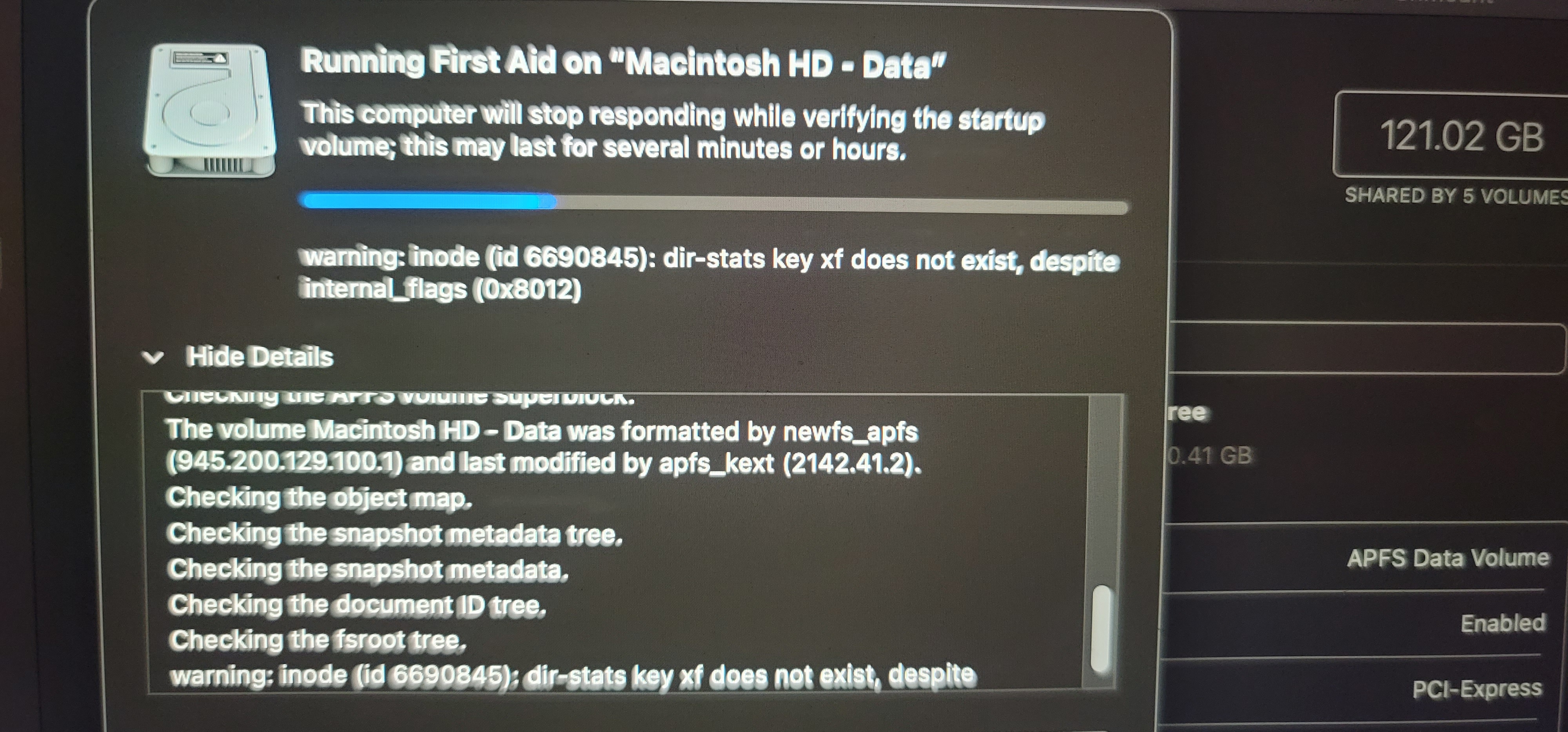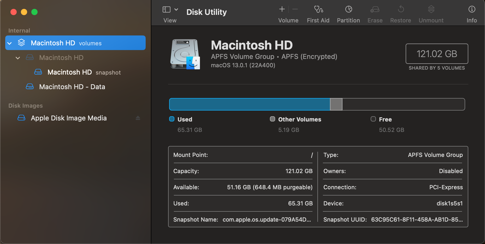 Hi, for some reason my hard drive only shows have storage capacity and why do I have 5 volumes?
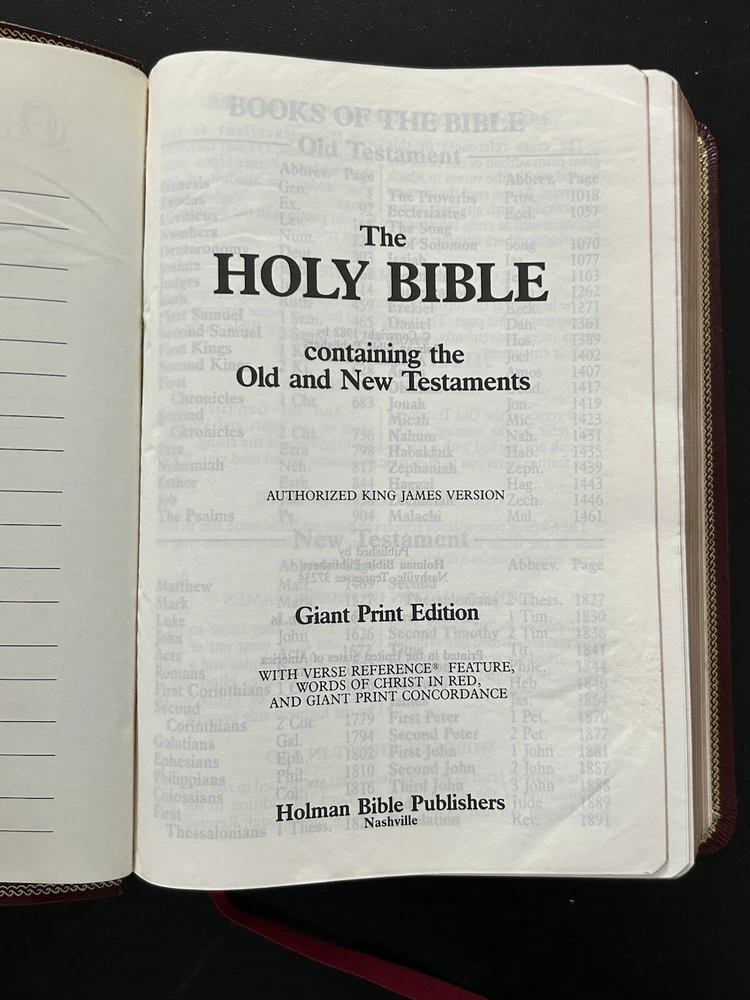 Holy Bible KJV Giant Print Reference Edition Holman Leather Bound 1980s 8.5" x 6" x 1.5", 1918 pages + additional Bible Reading Helps and Index Writing in Belongs to Section, No other flaws. Smoke Free Home
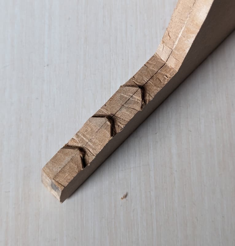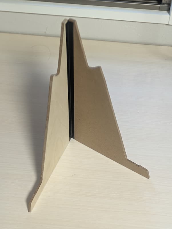 抉る長さはiPadやモバイルモニターの厚みに合うように、スタンドを60度に広げた状態でもきちんと把持するように下記のように板を削ります。
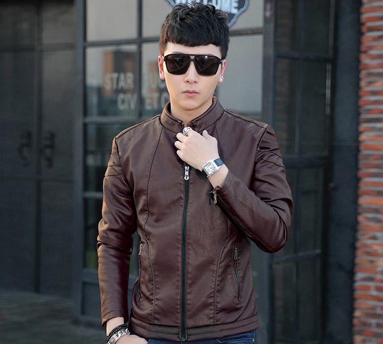 Áo khoác da nam lót lông cổ bo thời trang AD30 nâu PigoFashion
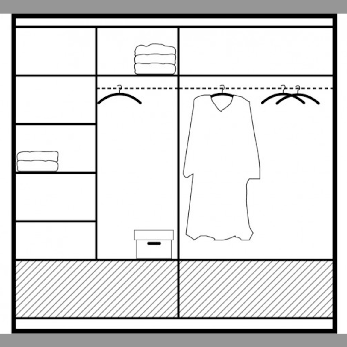 The Wiltshire wardrobe will be a perfect choice for everyone who is looking for a modern and functional piece of furniture with a lot of storage. Inside the wardrobe there are 2 rails for all the hanging clothes, a row of practical shelves, 2 spacious drawers and 3 upper shelves. It has been created from the high quality materials with a big mirror on the sliding doors, which will brighten your room as well as optically enlarge it. On the top panel of the wardrobe there is a LED light which will help you find a perfect outfit for an evening out or apply your morning makeup. The wardrobe comes in 2 colour options: walnut base/black high gloss doors or walnut base/white high gloss fronts.
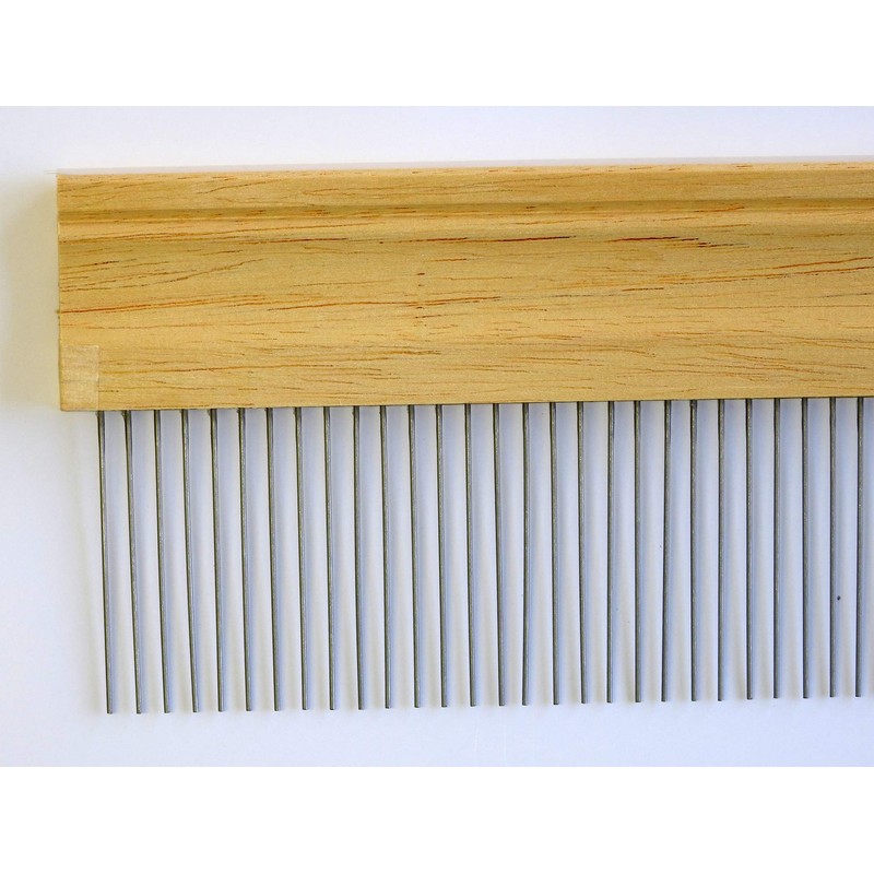 Der Kamm verfügt über rostfreie Edelstahlnadeln und einen stabilen Holzgriff, der angenehm in der Hand liegt und ein exaktes Arbeiten ermöglicht. Seine kompakte Länge von 35 cm macht ihn perfekt für gängige A4- und A3-Marmorierwannen.

#####

## What to do
What lines above run from the one with "抉る長さはiPadやモバイル" to the one with "Áo khoác da"? Give them again exactly, ends included, and leave the pictures out.

## Written solution
 抉る長さはiPadやモバイルモニターの厚みに合うように、スタンドを60度に広げた状態でもきちんと把持するように下記のように板を削ります。
 Áo khoác da nam lót lông cổ bo thời trang AD30 nâu PigoFashion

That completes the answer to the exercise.